- Material provided
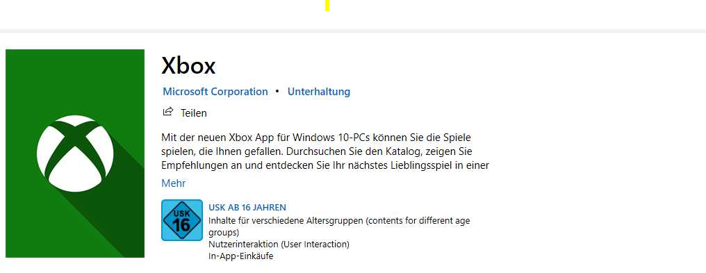 Ich dachte die XBox-App wäre vorinstalliert bei Windows 10, scheint wohl aber nicht so zu
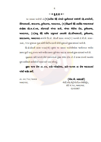 न्यायिक कार्यवाही दौरान एडिशनल चीफ मेट्रोपोलिटन मजिस्ट्रेट एमए माकरणी (Additional Chief Metropolitan Magistrate MA Makarni) की अदालत में सरकार की तरफ से एपीपी भावीनी जानी( APP BHAVINI JANI )ने दलील की जबकि आरोपियों की तरफ से कोई वकील पेश नहीं हुआ। एडिशनल चीफ मेट्रोपोलिटन मजिस्ट्रेट एमए माकरणी ने अपने फैसले में कहा कि फरियादी ने अपनी गवाही के दौरान कहा है कि घटना के कुछ समय अदालत के माध्यम से उन्हें उनके गहने मिल गए है , लेकिन उन्हें नहीं पता कि चोरी किसने किये थे , वह मामले को नहीं चलाना चाहते और ना कि उनके पास कोई और सबूत हैं। इसलिए केवल फरियादी की शंका के आधार पर दोषी नहीं ठहराया जा सकता , जबकि इस मामले में फरियादी से प्रति सवाल भी नहीं किये गए हैं। आरोपियों का कोई आपराधिक इतिहास भी नहीं है।
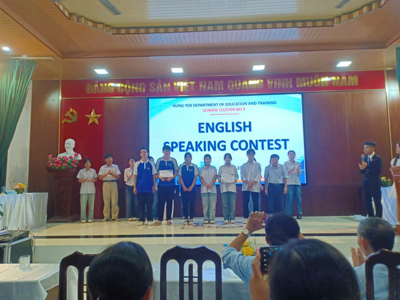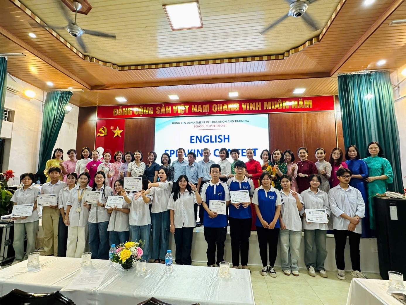 Cuộc thi Hùng biện Tiếng Anh của Cụm chuyên môn số 9 đã khép lại trong niềm vui và tự hào. Dư âm của các bài Hùng biện sôi nổi, những nụ cười tự tin và ánh mắt rạng rỡ của các thí sinh vẫn còn đọng lại. Mỗi em học sinh dù đạt giải hay không , đều đã là người chiến thắng – chiến thắng chính mình, vượt qua nỗi sợ hãi để cất lên tiếng nói của tuổi trẻ. Hy vọng rằng, ngọn lửa đam mê học tập Tiếng Anh sẽ tiếp tục được thắp sáng và lan tỏa trong mái mỗi trường THPT
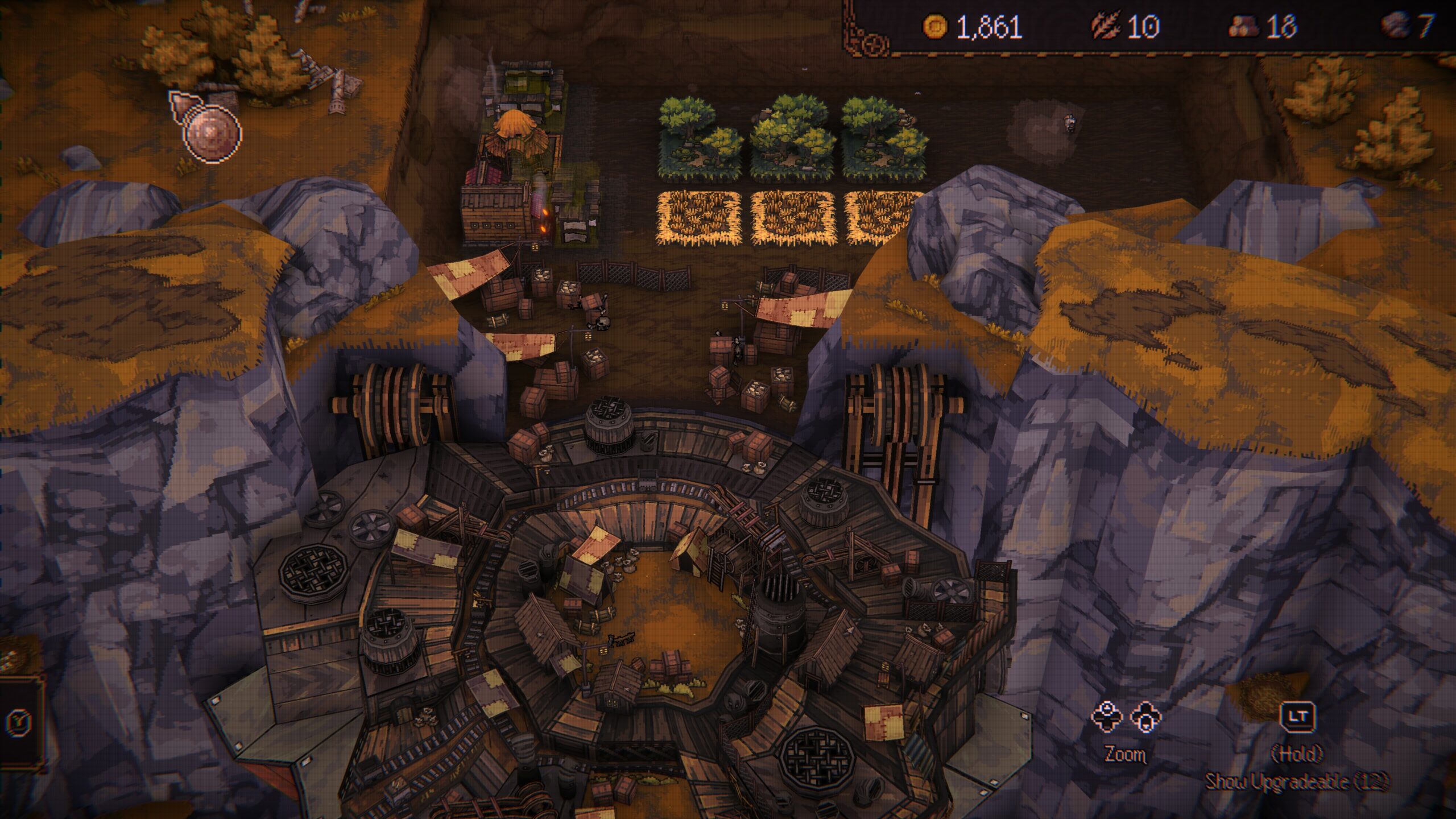 Pallo-ominaisuuksia voi kehittää ja yhdistellä, mikä luo kovaa synergiaa. Pelattava hahmo vaikuttaa merkittävästi siihen, millainen yhdistelmä on tehokas. Lisäksi tukikohdan rakentaminen on olennainen osa peliä: metsästä saadaan puuta, louhoksilta kiveä, ja näitä sekä kultaa käytetään rakennuksiin. Hahmojen kehitys ei nollaannu kuolemasta, joten jokainen yritys tuntuu palkitsevalta ja dopamiinitiputtelu pysyy herkullisena.

- Problem statement
The answer is the listing above restated word for word, pictures removed.

- Result for this exercise
 Ich dachte die XBox-App wäre vorinstalliert bei Windows 10, scheint wohl aber nicht so zu
 न्यायिक कार्यवाही दौरान एडिशनल चीफ मेट्रोपोलिटन मजिस्ट्रेट एमए माकरणी (Additional Chief Metropolitan Magistrate MA Makarni) की अदालत में सरकार की तरफ से एपीपी भावीनी जानी( APP BHAVINI JANI )ने दलील की जबकि आरोपियों की तरफ से कोई वकील पेश नहीं हुआ। एडिशनल चीफ मेट्रोपोलिटन मजिस्ट्रेट एमए माकरणी ने अपने फैसले में कहा कि फरियादी ने अपनी गवाही के दौरान कहा है कि घटना के कुछ समय अदालत के माध्यम से उन्हें उनके गहने मिल गए है , लेकिन उन्हें नहीं पता कि चोरी किसने किये थे , वह मामले को नहीं चलाना चाहते और ना कि उनके पास कोई और सबूत हैं। इसलिए केवल फरियादी की शंका के आधार पर दोषी नहीं ठहराया जा सकता , जबकि इस मामले में फरियादी से प्रति सवाल भी नहीं किये गए हैं। आरोपियों का कोई आपराधिक इतिहास भी नहीं है।
 Cuộc thi Hùng biện Tiếng Anh của Cụm chuyên môn số 9 đã khép lại trong niềm vui và tự hào. Dư âm của các bài Hùng biện sôi nổi, những nụ cười tự tin và ánh mắt rạng rỡ của các thí sinh vẫn còn đọng lại. Mỗi em học sinh dù đạt giải hay không , đều đã là người chiến thắng – chiến thắng chính mình, vượt qua nỗi sợ hãi để cất lên tiếng nói của tuổi trẻ. Hy vọng rằng, ngọn lửa đam mê học tập Tiếng Anh sẽ tiếp tục được thắp sáng và lan tỏa trong mái mỗi trường THPT
 Pallo-ominaisuuksia voi kehittää ja yhdistellä, mikä luo kovaa synergiaa. Pelattava hahmo vaikuttaa merkittävästi siihen, millainen yhdistelmä on tehokas. Lisäksi tukikohdan rakentaminen on olennainen osa peliä: metsästä saadaan puuta, louhoksilta kiveä, ja näitä sekä kultaa käytetään rakennuksiin. Hahmojen kehitys ei nollaannu kuolemasta, joten jokainen yritys tuntuu palkitsevalta ja dopamiinitiputtelu pysyy herkullisena.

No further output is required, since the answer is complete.